The development of conversion furnace tube

The development of conversion furnace tube materials has gone through several stages. The earliest material used was the 18Cr/8Ni series, which was not used at high temperatures and pressures (ensuring heat resistance below 600 ℃). Later, multiple adjustment tests were conducted on the composition of Cr and Ni, and it was found that the thermal strength of 25Cr20Ni was relatively good. To further improve its strength, the mass fraction of C was increased from 0.1% to 0.4%, and HK-40 high-temperature centrifugal casting furnace tube was developed as the conversion tube. In the 1960s and 1970s, almost all hydrocarbon steam conversion pipes used HK-40. The original conversion furnace tube did not process inner holes, with a wall thickness of up to 22mm and uneven thickness. This not only resulted in high internal stress and material weight of the furnace tube, but also high cost and low thermal efficiency, resulting in low medium conversion efficiency. Although the inner holes were improved after processing, and after using it for a period of time, it was found that operating HK-40 in the temperature range of around 800 ℃ is prone to harmful effects σ Phase. To reduce σ Xiangsheng, later produced an improved version of HK-40mod.

In the 1980s, HP series high-temperature alloys, which were used as materials for ethylene cracking furnace tubes, were also used for hydrocarbon steam reforming furnaces. HP heat-resistant alloys were developed based on the HK series, with a 15% increase in Ni mass fraction. Ni is an element that strongly forms and stabilizes austenite and expands the austenite phase zone. In austenitic stainless steel, as the nickel content increases σ The tendency towards phase formation is significantly reduced. Under the same carbon content, HP has more eutectic carbides than HK, thus increasing the creep fracture strength. The maximum operating temperature of this steel can reach 1100 ℃. In order to further improve the high-temperature creep fracture strength and high-temperature toughness of the furnace tube, alloy elements such as Nb, W, Mo, and Ti were added to HP, forming a series of alloy furnace tube steel grades. Among them, HP-40Nb is currently the material commonly used in hydrogen production conversion furnaces.

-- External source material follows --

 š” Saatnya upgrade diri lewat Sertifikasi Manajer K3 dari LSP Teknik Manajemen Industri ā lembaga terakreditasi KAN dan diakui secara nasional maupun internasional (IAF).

HP-40Nb contains Nb and W, while HK-40 does not contain these two elements. The Nb and W elements can improve the carburization property of the material, increase the crack resistance when the temperature changes dramatically, and thus improve the high-temperature toughness of the material. The HP-40Nb linear expansion coefficient is smaller than HK-40, while the thermal conductivity coefficient is higher than HK-40, thus improving the thermal shock resistance of the material. In addition, the element Nb in HP-40Nb can generate small and uniformly distributed Nb (C and N) compounds in the alloy matrix, greatly improving the high-temperature creep strength of the alloy. The high-temperature strength at 1000 ℃ is about 80% higher than that of HK-40.